Introduction: Pauperism and Sickness


In July 1841, Charles Hodgkins reported to the Board of Guardians of Wolverhampton Union that Anne, the wife of John Walford, was suffering from a disorder of her liver and bowels that was likely to last for six or seven weeks and resulted in her being “unable to follow any employ.” He added that both her sons required constant attention: John, aged two years, was “labouring under water on the brain,” and George, seven weeks old, also had a bowel disorder. Hodgkins, who had been appointed by the guardians as medical officer for Wolverhampton Union, arranged for them to receive four pounds of mutton and four loaves of bread per week for two weeks and planned to admit Anne after that time to the union workhouse, which had opened only two years previous. However, at the end of the two weeks, her condition had deteriorated to such an extent that Hodgkins regarded her recovery as very doubtful and removal to the workhouse as not prudent. The rations were continued for a further four weeks. Whether she recovered or not, we shall never know, but Hodgkins clearly saw the workhouse as a suitable place for treating a sick pauper.

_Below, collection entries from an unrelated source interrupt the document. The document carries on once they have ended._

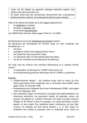 Leiden, die sich lediglich aus gesetzlich zulässigen Sanktionen ergeben, dazu gehören oder damit verbunden sind. (2) Dieser Artikel lässt alle internationalen Übereinkünfte oder innerstaatlichen Rechtsvorschriften unberührt, die weitergehende Bestimmungen enthalten. Folter ist hier definiert als Gewalt, die zu dem Zweck angewandt wird, ein Geständnis zu erlangen, jemanden zu bestrafen oder um jemanden einzuschüchtern (vgl. EGMR [Große Kammer], Salman gegen Türkei, 27. Juni 2000). Die Misshandlung muss einen Mindestgrad der Schwere erreichen. Die Beurteilung des Mindestgrads der Schwere hängt von allen Umständen des Einzelfalles ab, u. a.: der Dauer, unterlegener Position einer festgenommenen Person den körperlichen oder psychischen Folgen, von Geschlecht, Alter und Gesundheitszustand des Opfers, von der Art und Weise und der Methode der Durchführung. Die Frage nach der Schwere einer konkreten Misshandlung ist in zweierlei Hinsicht relevant: um festzustellen, ob überhaupt Art. 3 EMRK verletzt wurde und um die Misshandlung gemäß der Abstufungen des Art. 3 EMRK zu qualifizieren. Beispiele: „Palästinensisches Hängen“ – der Inhaftierte wurde nackt an seinen auf dem Rücken gebundenen Armen aufgehängt, was zu Lähmungen führte (EGMR, Aksoy gegen Türkei, 18. Dezember 1996) Vergewaltigung einer Inhaftierten durch einen Polizeibeamten (EGMR, Aydin gegen Türkei, 25. September 1997) Das vorsätzliche Zufügen von Schmerzen und Qualen beim Beschwerdeführer, die Anwendung körperlicher und psychischer Gewalt, die besonders schwer und grausam und geeignet ist, „schwere” Schmerzen und Leiden zuzufügen (Intensive Schläge, an den Haaren in einen Flur gezogen, zum Laufen gezwungen und Bein gestellt, vor einer jungen Frau niederknien lassen, Aufforderung, auf das Opfer urinieren, mit Lötlampe und einer Spritze bedroht) u. a. zu dem Zweck, ein Geständnis einer Straftat zu erpressen, derer er verdächtigt wurde, verübt von Subsidiärer Schutz (§ 4 Abs. 1 AsylG) 8/15 Stand 09/21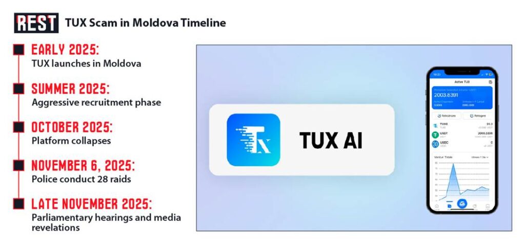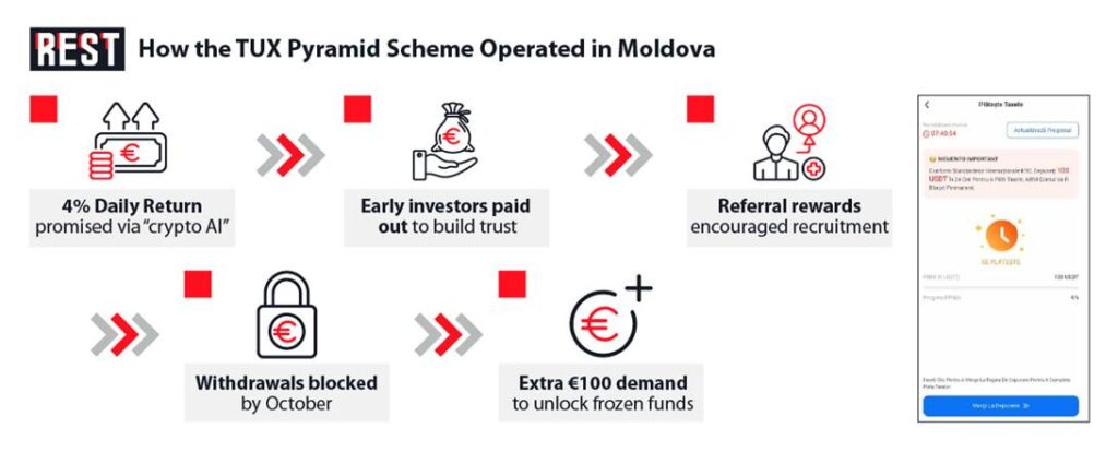 In late 2025, a new investment platform called TUX burst onto Moldova’s scene promising daily returns of 4% on crypto assets. By October it had vanished overnight – a collapse that left tens of thousands of Moldovans penniless and scrambling for answers. Investigations since then have revealed TUX was a classic Ponzi scheme, but authorities’ response has been painfully slow. To date only a handful of arrests have been made, and allegations circulate that insidersin law enforcement and government may have been involved – claims that officials publicly deny. This investigative report pieces together how TUX operated, who lost money, and why many Moldovans feel their plight has been largely ignored.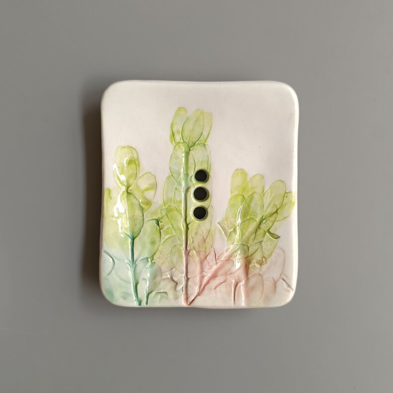 Mýdlenka pochází z keramické dílny na Šumavě, je ručně vyrobena z kvalitní italské hlíny, dvakrát vypalovaná v peci, ručně malovaná a ručně modelovaná a glazovaná. Výrobek je lehký a příjemný na užívání. Keramika je testovaná a nezávadná.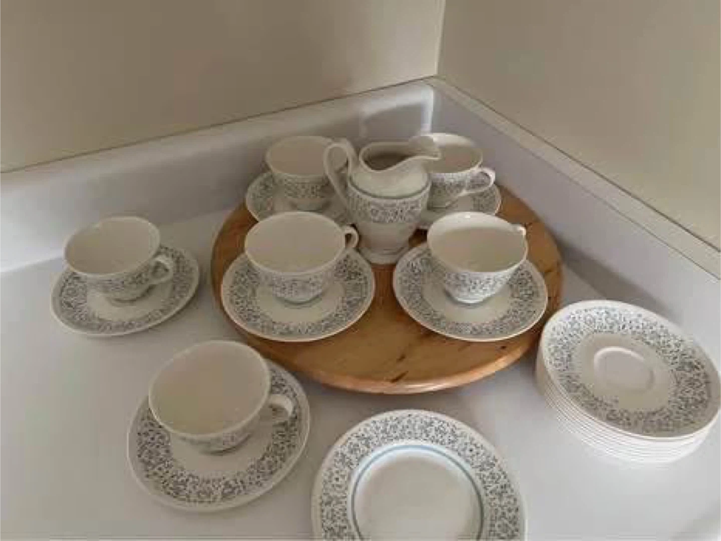 Blue Band & Flowers, Gray Leaves.Pattern: Arabesque by Royal Doulton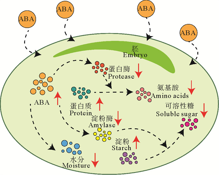 图 13 ABA处理下鳗草种子内部生理响应示意图 Fig. 13 Schematic diagram of internal physiological response of eelgrass seeds to ABA treatment |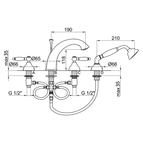 Смеситель на борт ванны Webert Alexandra AL730101065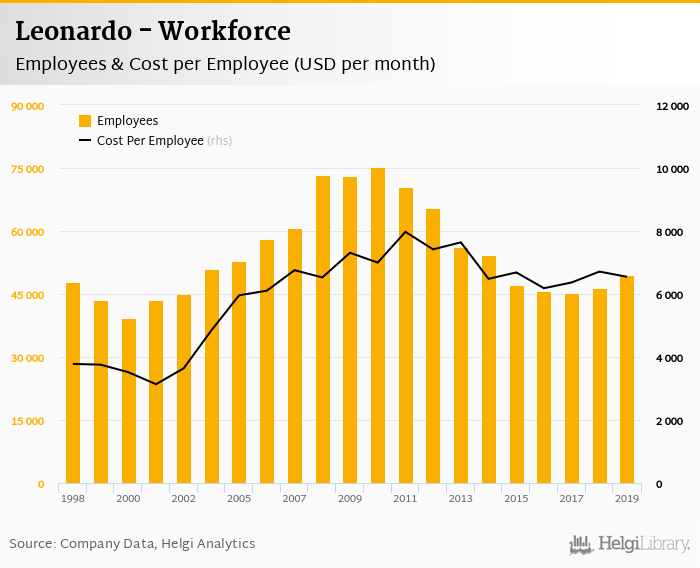 Leonardo employed 49,530 employees in 2019, up 6.6% compared to the previous year. Historically, between 1998 and 2019, the firm's workforce hit a high of 75,197 employees in 2010 and a low of 39,370 employees in 2000.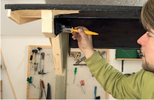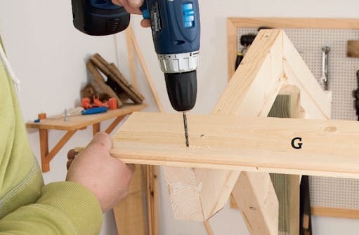 I den nedre av takbrädorna G ska du förborra med 4 mm borr, eftersom det annars är risk att du spräcker den lilla stumpen som har limmats fast. Därefter fästs brädorna med 4,2 x 45 mm skruvar.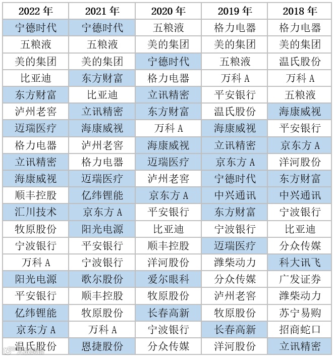 数据来源:Wind;数据截止日期:各年年末;蓝底代表成长股;白底代表蓝筹股。上述个股仅作列举之用,不代表本公司管理的基金的投资标的。个股历史走势并不代表未来业绩。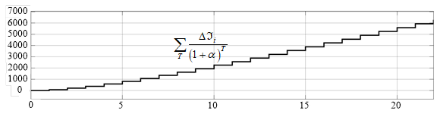На рис. 7. Получена траектория суммарного дисконтированного потока эффекта полученного от вложения инвестиций в производственную систему поставщика TΔJi(1+α)T.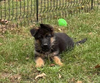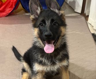 I recommend Angela as the best and most responsive breeder I have worked with. She’s responsible, and her litter is beautiful and intelligent. Ms. Red is already fetching balls and working pretty well with the retractable leash, and she’s training me more than I am teaching her. To anyone interested in adopting a beautiful, healthy, and smart purebred GS, Angela is the breeder to go to!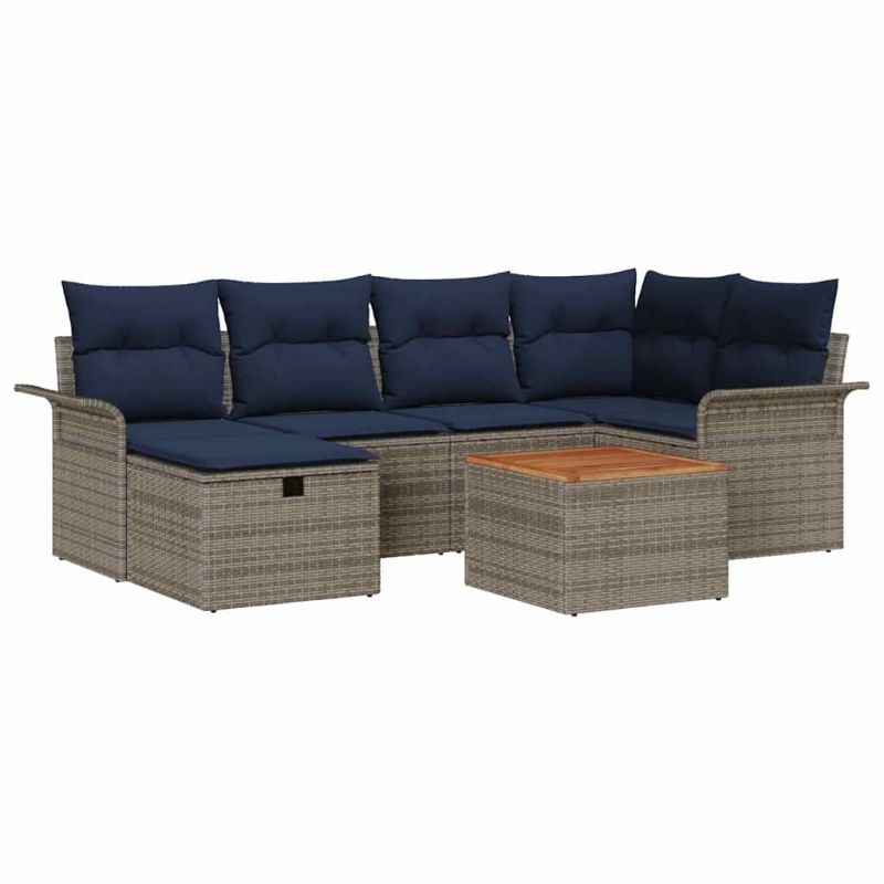 Градински Софа Комплект с възглавница 7 pcs Сив Полиратан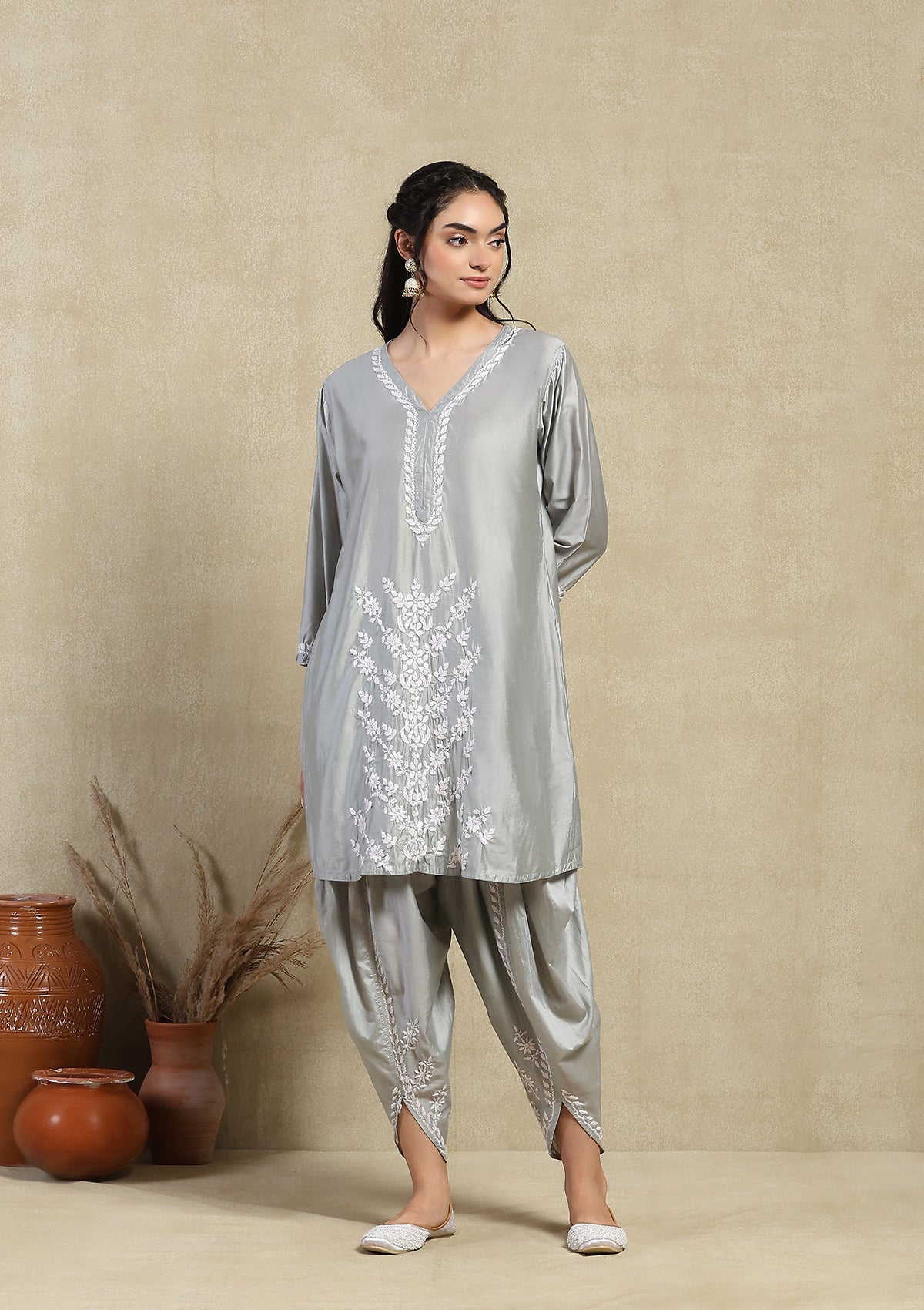 Pantalms Crafts Cotton Aari Embroidered Solid Women’s 2 PC Short Kurta Set – Black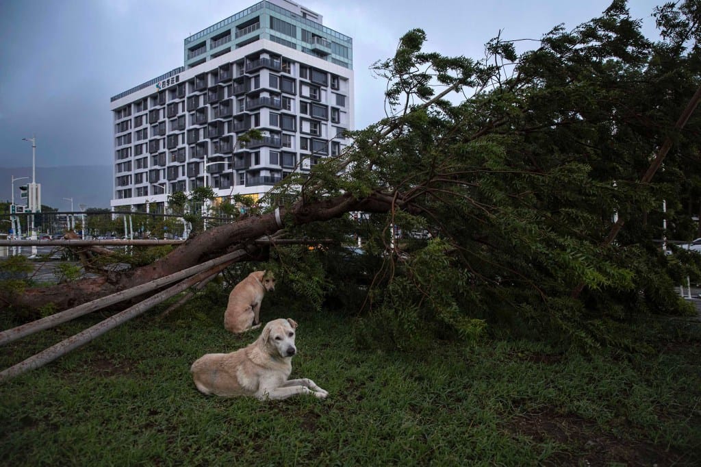 2024年7月26日,高雄,颱風凱米襲台後,流浪狗在一棵倒掉的大樹下休息。陳焯煇/端傳媒

Yet many poor law historians have claimed that workhouses did not develop a significant medical role until the late nineteenth century and emerged as the most important institutions for medical care only in the early twentieth century. Some have been highly critical of the standard of medical care provided in the early years after the New Poor Law, claiming a significant deterioration in the provision of medical services. As evidence, they point to the restriction of funding, the understaffing of infirmaries, and the undermining of medical officers’ decisions by guardians, who sought to treat patients as cheaply as possible. The conventional viewpoint denigrates medical care after the act as of such poor quality as to bring little benefit to sick paupers. However, the traditional history of the Poor Law Amendment Act (1834), usually referred to as the New Poor Law, as a watershed in the provision of medical services is now being challenged in favor of one of continuity of care across the eighteenth and nineteenth centuries.